On September 29th Republic at Seven Corners is playing host to an event called Where the Wild Beers Are. They are calling it a “collaborative” festival for wild beer enthusiasts—think of it as a sort of potluck for wild beer. The cost to attend the event is $10 plus your beer contribution. For every 750 ml of sour beer you will receive 10 tickets for beer samples, assuring that everyone gets an equal amount to try. This is the 5th year that this event has taken place in the Twin Cities; bringing together fans of “wild or sour” beers—a style that originated in Belgium where wild yeast is introduced to the wort via open fermentation. Jeff Halvorson and Tim Stendahl are the men behind this event, as well as the one held in Brooklyn, New York.
The process of creating a sour or wild beer can be rather lengthy; often taking years for the beer to properly mature. Debuting at this year’s event will be Mark 1 and Mark 2, which are two special sour beers created by some of the previous year’s attendees from the bacteria and yeast left behind in the bottles at last year’s event. The ten-month old Mark 1 was made with white wine-soaked oak staves, while Mark 2 will feature cherries.

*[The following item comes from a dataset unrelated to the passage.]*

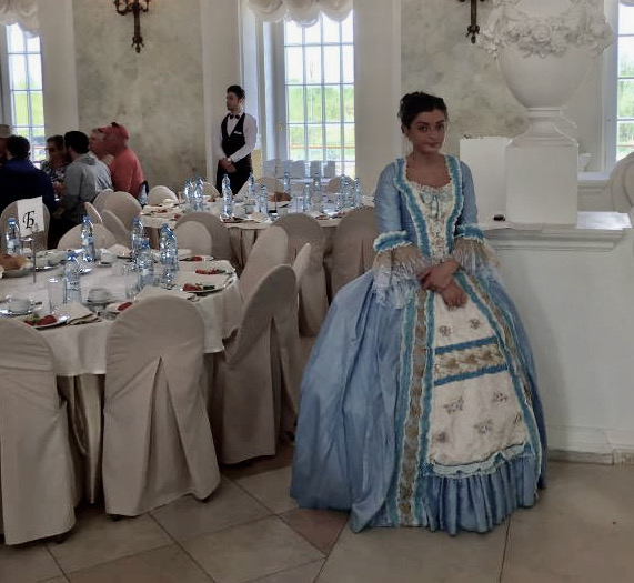 饭店在公路旁,很大的一个建筑,周围是空旷的田野。进入饭店,才看出这不是一个普通的饭店,而是一个有舞台的大宴会厅,规模很大。进大厅的台阶上站着穿俄罗斯民族服装的少女,可以与游客合影。

So, you may be asking yourself: Just what is a sour beer and what is the difference between regular and open fermentation?
According to University of Minnesota Associate Professor of Microbiology Jeff Gralnick, the difference between open fermentation and normal fermentation is all about how you “inoculate” the fermentation. “The open fermentation style in many cases is literally a fermentation vessel that you leave open to the air. Microbes floating around in the air (typically this can be around 100,00 per square meter) have a chance of landing into the vessel. The majority of things that land probably don't know how to live in this environment, but some of them do.”
One might wonder where an ideal place to execute an open style fermentation would be. “Sometimes these open fermentations are done in orchards, where the number of microbes who really like to ferment sugars can be higher in the air (think about rotting fruits, for example),” Jeff said. It may also be as simple as reusing your fermentation vessel, “In the next batch, the microbes can come from the nooks and crannies in the wooden vessel when it is reused.”
And just what, exactly, creates those unique, sour flavors? According to Jeff, “Often these wild microbes (both yeast and bacteria) make sour and funky tasting compounds in addition to ethanol, which an organism like Saccharomyces (the yeast species typically used in making beer) typically don't make.”